Task requirements:
Please copy the lines below, exactly as they are, from the one with "Restaurar tus herramientas" through the one with "- Komplekte: 4", and leave out the pictures.

Provided records:
---

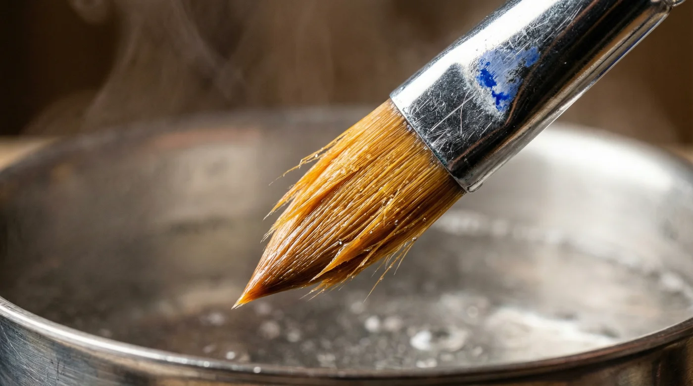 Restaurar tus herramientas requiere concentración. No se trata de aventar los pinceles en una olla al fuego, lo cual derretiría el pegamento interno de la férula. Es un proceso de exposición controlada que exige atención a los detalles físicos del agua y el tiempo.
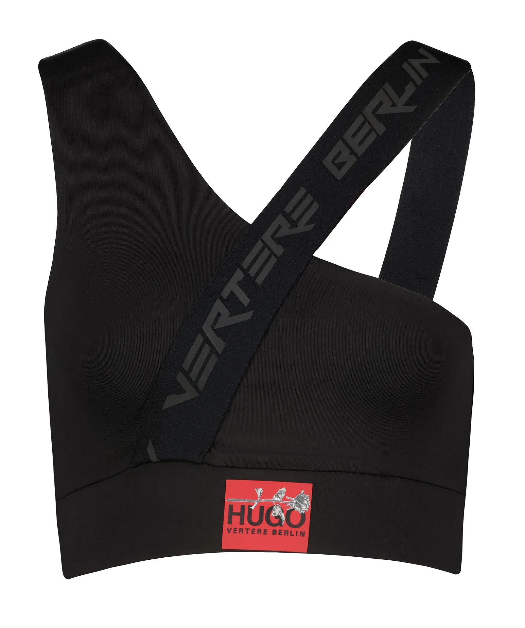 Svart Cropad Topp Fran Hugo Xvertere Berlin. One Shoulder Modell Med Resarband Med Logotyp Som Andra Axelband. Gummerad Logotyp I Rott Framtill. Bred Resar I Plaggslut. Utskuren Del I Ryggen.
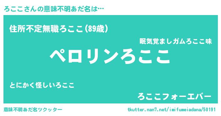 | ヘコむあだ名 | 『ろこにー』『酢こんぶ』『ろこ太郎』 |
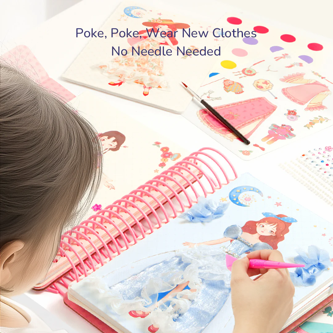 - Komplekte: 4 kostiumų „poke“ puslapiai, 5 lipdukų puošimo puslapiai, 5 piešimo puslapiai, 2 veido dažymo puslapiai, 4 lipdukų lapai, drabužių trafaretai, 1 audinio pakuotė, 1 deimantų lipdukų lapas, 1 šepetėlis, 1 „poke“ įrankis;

---

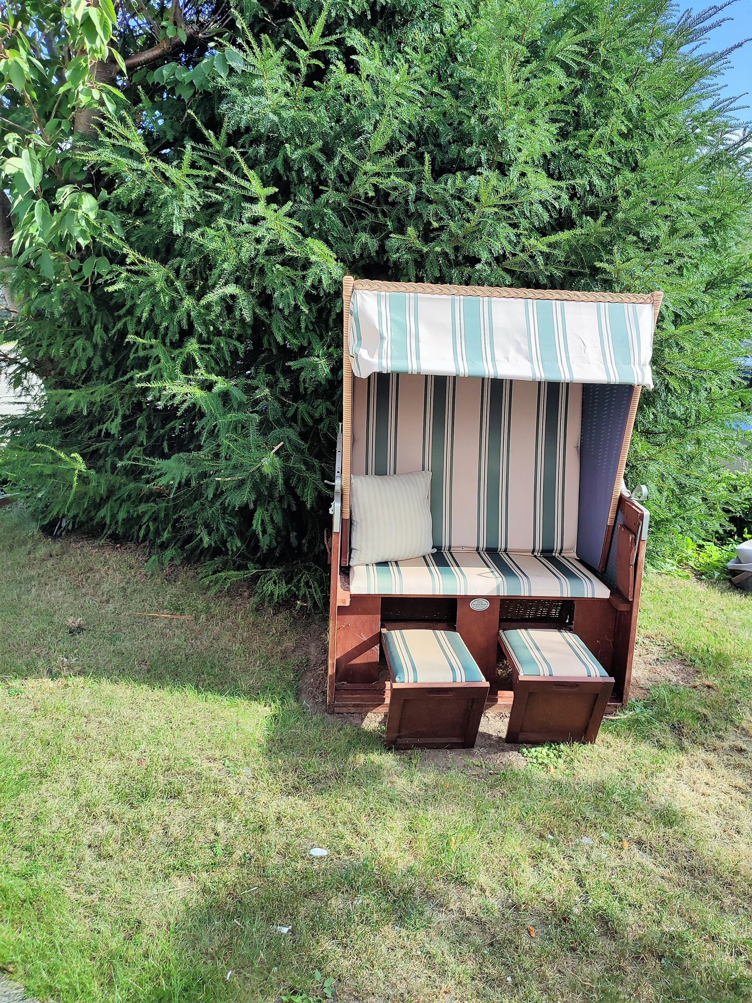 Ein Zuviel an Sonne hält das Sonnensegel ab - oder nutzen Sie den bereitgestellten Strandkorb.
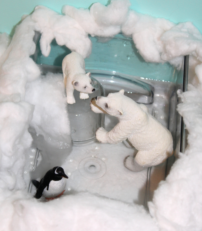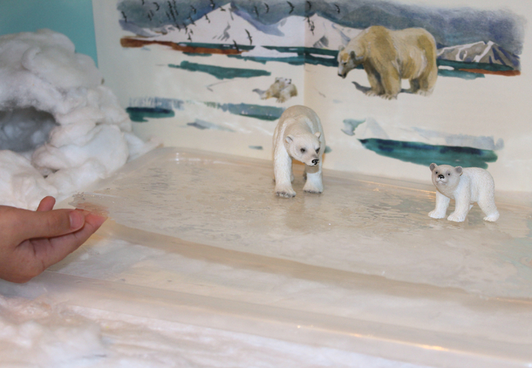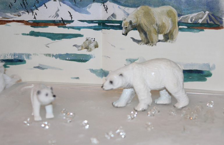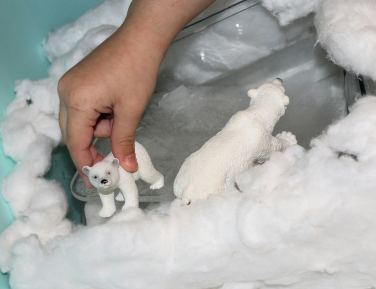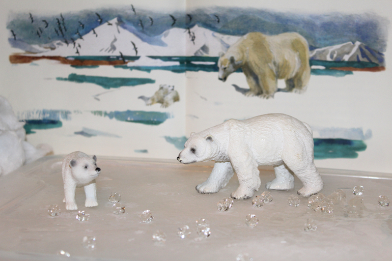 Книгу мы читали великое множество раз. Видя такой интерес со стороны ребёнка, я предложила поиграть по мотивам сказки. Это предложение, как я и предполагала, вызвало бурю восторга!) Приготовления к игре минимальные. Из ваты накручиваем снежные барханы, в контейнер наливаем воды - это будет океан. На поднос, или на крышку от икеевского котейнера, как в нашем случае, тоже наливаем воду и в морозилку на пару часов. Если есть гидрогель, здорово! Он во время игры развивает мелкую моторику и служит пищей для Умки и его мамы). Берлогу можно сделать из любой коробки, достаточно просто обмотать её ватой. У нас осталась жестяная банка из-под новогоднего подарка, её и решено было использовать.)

---

Exercise output:
 Restaurar tus herramientas requiere concentración. No se trata de aventar los pinceles en una olla al fuego, lo cual derretiría el pegamento interno de la férula. Es un proceso de exposición controlada que exige atención a los detalles físicos del agua y el tiempo.
 Svart Cropad Topp Fran Hugo Xvertere Berlin. One Shoulder Modell Med Resarband Med Logotyp Som Andra Axelband. Gummerad Logotyp I Rott Framtill. Bred Resar I Plaggslut. Utskuren Del I Ryggen.
 | ヘコむあだ名 | 『ろこにー』『酢こんぶ』『ろこ太郎』 |
 - Komplekte: 4 kostiumų „poke“ puslapiai, 5 lipdukų puošimo puslapiai, 5 piešimo puslapiai, 2 veido dažymo puslapiai, 4 lipdukų lapai, drabužių trafaretai, 1 audinio pakuotė, 1 deimantų lipdukų lapas, 1 šepetėlis, 1 „poke“ įrankis;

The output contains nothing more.